*** SOURCE MATERIAL ***
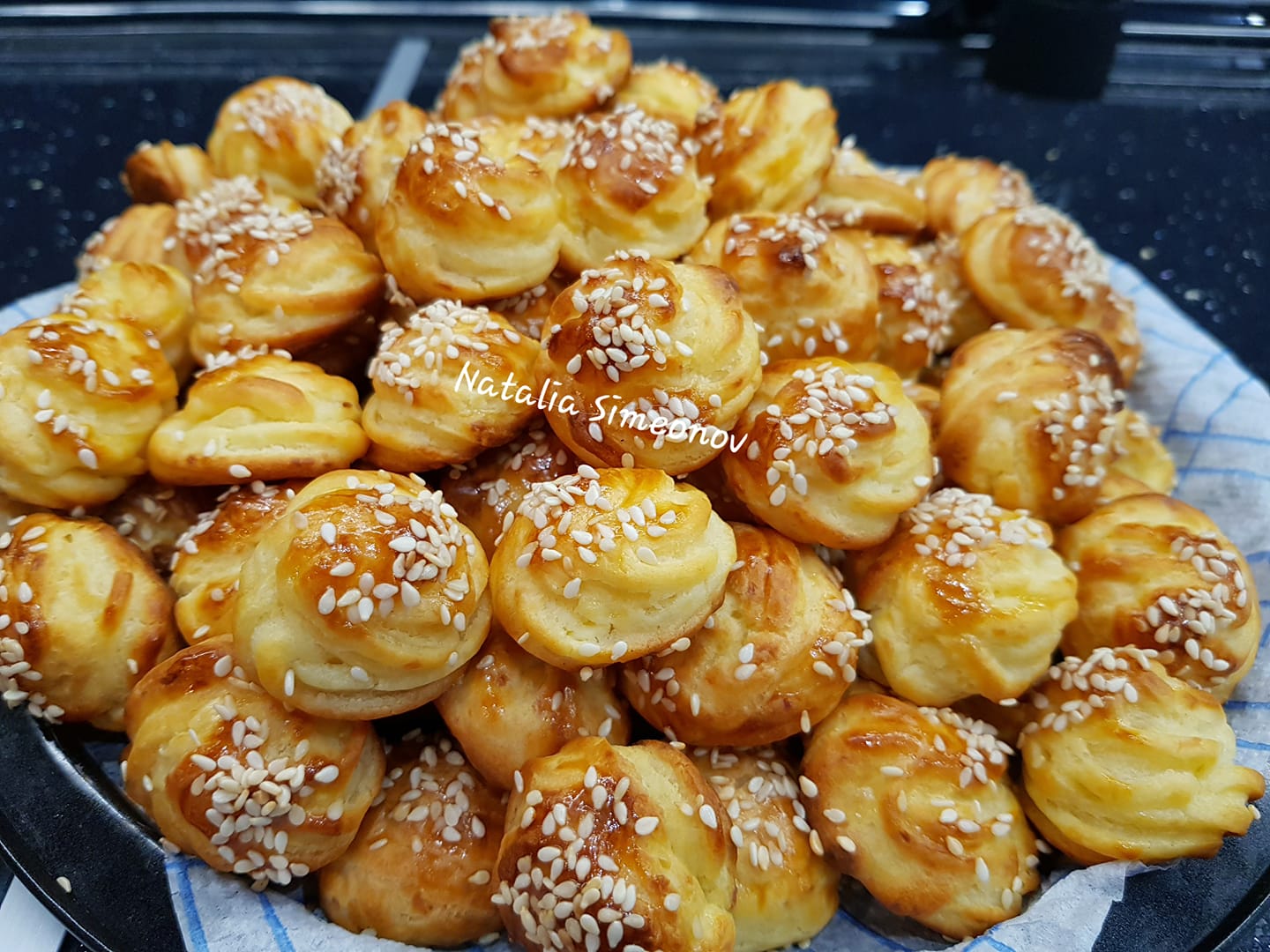 Από το μείγμα που προκύπτει (σε χαρτί ψησίματος) με σακούλα ζαχαροπλαστικής φτιαχτε με το κατάλληλο στόμιο μικρές μπάλες (ή τριαντάφυλλα) με διάμετρο περίπου 2 εκ. Αλείψτε με κρόκο αυγού και προαιρετικά πασπαλίζετε με κύμινο ή σουσάμι. Ψήνουμε σε ένα δυνατό φούρνο μέχρι να ροδίσουν. Έψησα με τον ίδιο τρόπο που ψήνω εκλέρ, δείτε τις συμβουλές ψησίματος παραπάνω.
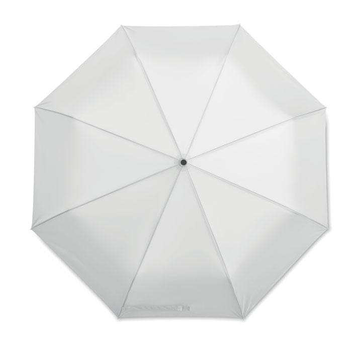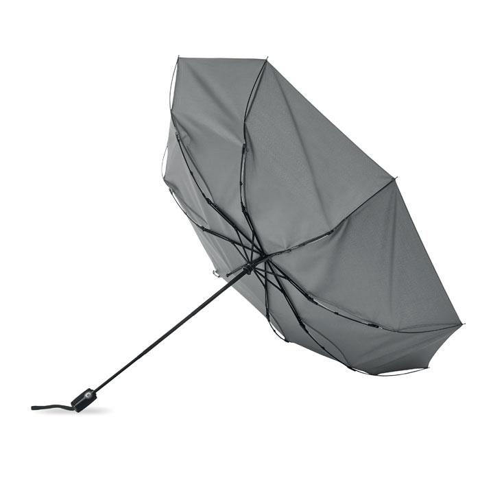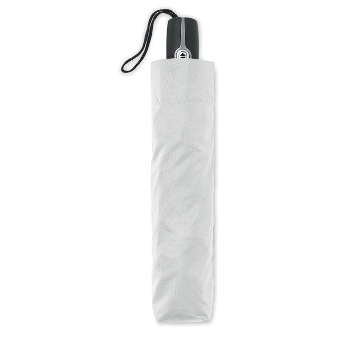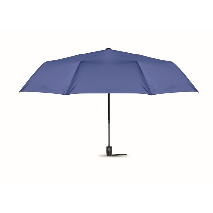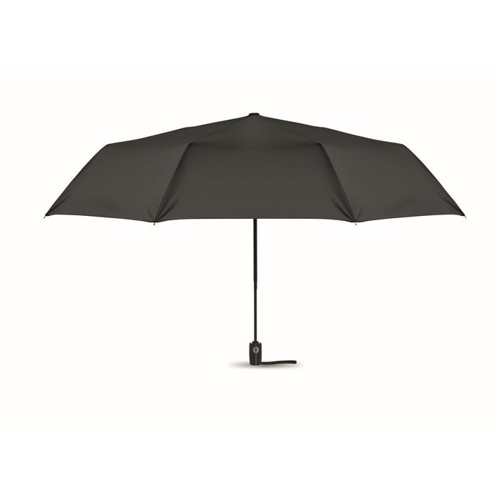 Parapluie tempête de 27 pouces, 3 plis, ouverture/fermeture automatique. Tissu en pongé 190T, mât en acier plaqué noir. Baleines en fibre de verre, revêtement intérieur noir en 1 partie. Poignée en PP noir avec bouton. Avec pochette assortie.
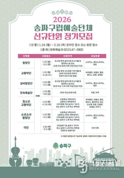 브릿지저널 김경미 기자 | 서울 송파구는 지역 문화예술 저변 확대와 구민의 문화 향유 기회 제공을 위해 오는 2월 19일까지 구립문화예술단체 신규단원을 공개 모집한다고 밝혔다.
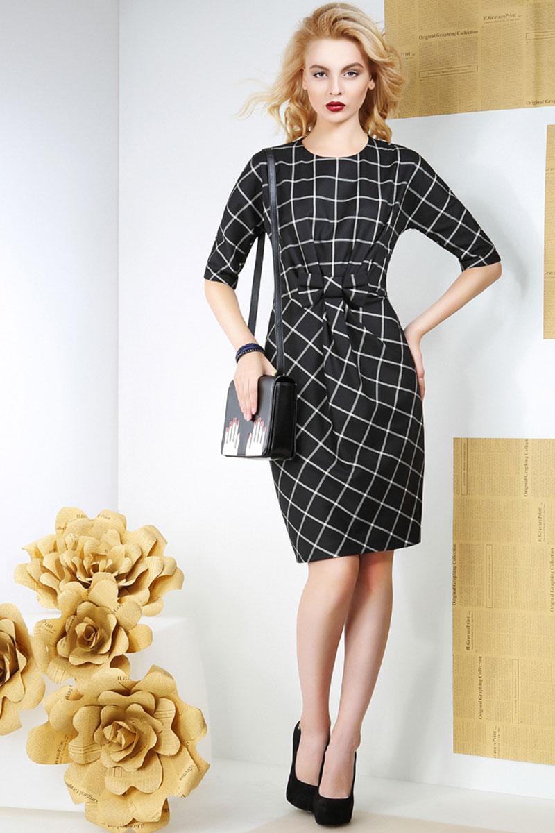 Платье элегантного покроя из текстильной ткани. Рукав цельнокроеный. Юбка ассиметричная. Потайная молния по спинке 50 см. Длина изделия - 98 см. Длина рукава (реглан) - 45 см.
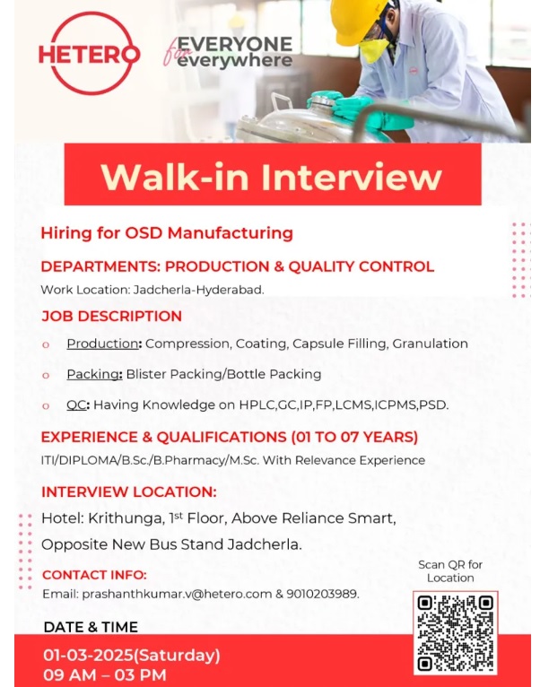 HETERO -Walk-in Interview for OSD Manufacturing on 1-03-2025
*** End of SOURCE MATERIAL ***
**BRIEF**
Could you write out every line above exactly as it stands, with no images?

**RESULT FOR THIS EXERCISE**
 Από το μείγμα που προκύπτει (σε χαρτί ψησίματος) με σακούλα ζαχαροπλαστικής φτιαχτε με το κατάλληλο στόμιο μικρές μπάλες (ή τριαντάφυλλα) με διάμετρο περίπου 2 εκ. Αλείψτε με κρόκο αυγού και προαιρετικά πασπαλίζετε με κύμινο ή σουσάμι. Ψήνουμε σε ένα δυνατό φούρνο μέχρι να ροδίσουν. Έψησα με τον ίδιο τρόπο που ψήνω εκλέρ, δείτε τις συμβουλές ψησίματος παραπάνω.
 Parapluie tempête de 27 pouces, 3 plis, ouverture/fermeture automatique. Tissu en pongé 190T, mât en acier plaqué noir. Baleines en fibre de verre, revêtement intérieur noir en 1 partie. Poignée en PP noir avec bouton. Avec pochette assortie.
 브릿지저널 김경미 기자 | 서울 송파구는 지역 문화예술 저변 확대와 구민의 문화 향유 기회 제공을 위해 오는 2월 19일까지 구립문화예술단체 신규단원을 공개 모집한다고 밝혔다.
 Платье элегантного покроя из текстильной ткани. Рукав цельнокроеный. Юбка ассиметричная. Потайная молния по спинке 50 см. Длина изделия - 98 см. Длина рукава (реглан) - 45 см.
 HETERO -Walk-in Interview for OSD Manufacturing on 1-03-2025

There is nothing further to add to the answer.